However, it turns out that the same amplitude can also be written in terms of the matrix elements of the electromagnetic currents as: $$\langle e^-(k')|(-e)\bar\psi\gamma^\mu\psi|e^-(k)\rangle \frac{1}{q^2} \langle \mu^-(p')|(-e)\bar{\psi'}\gamma_\mu\psi'|\mu^-(p)\rangle $$ where $\psi,\psi'$ fields destroy electron and muon respectively. How do we arrive at this expression?

I start from the perturbation theory. The relevant expression for the amplitude at the second-order in the perturbation theory is $$ \langle e^-(k')\mu^-(p')|\left[-\frac{1}{2}\int d^4x\int d^4y ~~\mathscr{T}\left[(-e\bar{\psi}\gamma^\mu\psi A_\mu)_x (-e\bar{\psi'}\gamma^\nu\psi' A_\nu)_y\right]\right]|e^-(k) \mu^-(p)\rangle$$ where $\mathscr{T}$ is the time-ordering operator. Retaining the only term that leads to a nonzero contribution, I find, $$ \langle e^-(k')\mu^-(p')|\left[-\frac{e^2}{2}\int d^4x\int d^4y ~~\underbrace{A_\mu(x)A_\nu(y)} :\bar{\psi}(x)\gamma^\mu\psi(x)\bar{\psi}^{'}(y)\gamma^\nu\psi^{'}(y):\right]|e^-(k) \mu^-(p)\rangle$$ where $::$ represents normal ordering.
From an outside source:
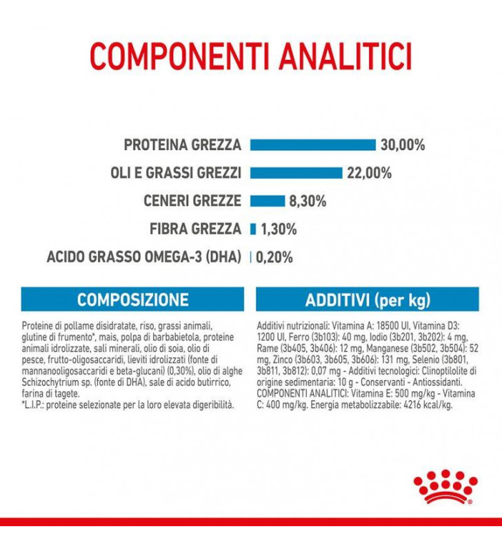 La sua composizione si contraddistingue per la presenza dell'esclusiva formula Start Complex frutto della ricerca di Royal Canin, una combinazione di elementi nutritivi presenti nel latte materno, rinforzata con specifici nutrienti che contribuiscono attivamente a promuovere la salute digestiva e alla costruzione delle difese naturali del cucciolo.

Now, how do we manipulate the last expression to make it a product of the matrix elements of two electromagnetic currents $j_\mu=\bar\psi\gamma_\mu\psi$ and $j^\prime_\mu=\bar{\psi'}\gamma_\mu{\psi'}$ in the form as shown in the second expression? Am I doing it right?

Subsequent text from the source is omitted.